Pásztory had a friendly, lopsided grin that sat on a face that must have been dour in repose. Brown eyes came magnified through his thick, steel-rimmed glasses. He was going bald in front and wore the remaining fringe rather long over his neck and ears. He gave me the same sort of appraisal as we talked.
“You wrote those pieces in the Beacon about the toxic-fuel scam last spring, didn’t you?”
“Yeah, I used my uptown name on those: Alexander Pastor. Did you see that the Globe took them too? They were in a lot of papers.”
“Didn’t you win some kind of award with them?”
“That’s right, the Rushton Cup. I keep pennies in it.” He was still trying to place me and not getting anywhere. “This environmental stuff, this is not your usual beat, is it?”
“Right. I’m normally a family-law man. Reading about toxic waste steals my sleep. Your article made me feel the ozone layer being peeled away. Ugh! I have to limit my exposure if I want to survive. No offence. I’m just being honest. Like it’s not that I don’t agree with you. That’s not the point. I just have to control my intake, or it’s like living through an earthquake all the time.”
“That’s a good description. We have to make this planet last at least until we have the technology to move to another one when this one won’t support us any more.”
“Yeah, ‘Beam me back to Saturn, Scotty!’ Right?”
“And what if we don’t have the technology for that?”
“Then, we’re out of luck.” Pásztory added both cream and sugar to his coffee. Rather a lot of both.

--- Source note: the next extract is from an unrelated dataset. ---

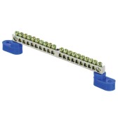 Шина "0" N (6х9мм) 16 отверстий латунь 2 синих угловых изолятора EKF PROxima

“Sorry to sound off at you, Mr. Cooperman. I get carried away sometimes. What can I do for you? What do you want to know about?”
“I’m interested in Kinross and the kinds of games they’ve been playing.”
“What’s your first name again?”
“Benny.”
“Okay. Call me Sandy or Alex. I get both. I changed my name just when it was becoming popular to be a fine old Hunky name like Pásztory. A name like Pastor comes out of Saran Wrap.”
Pásztory’s fingers were stained with nicotine. He was a messy smoker. I could see where the holes in his sweater came from.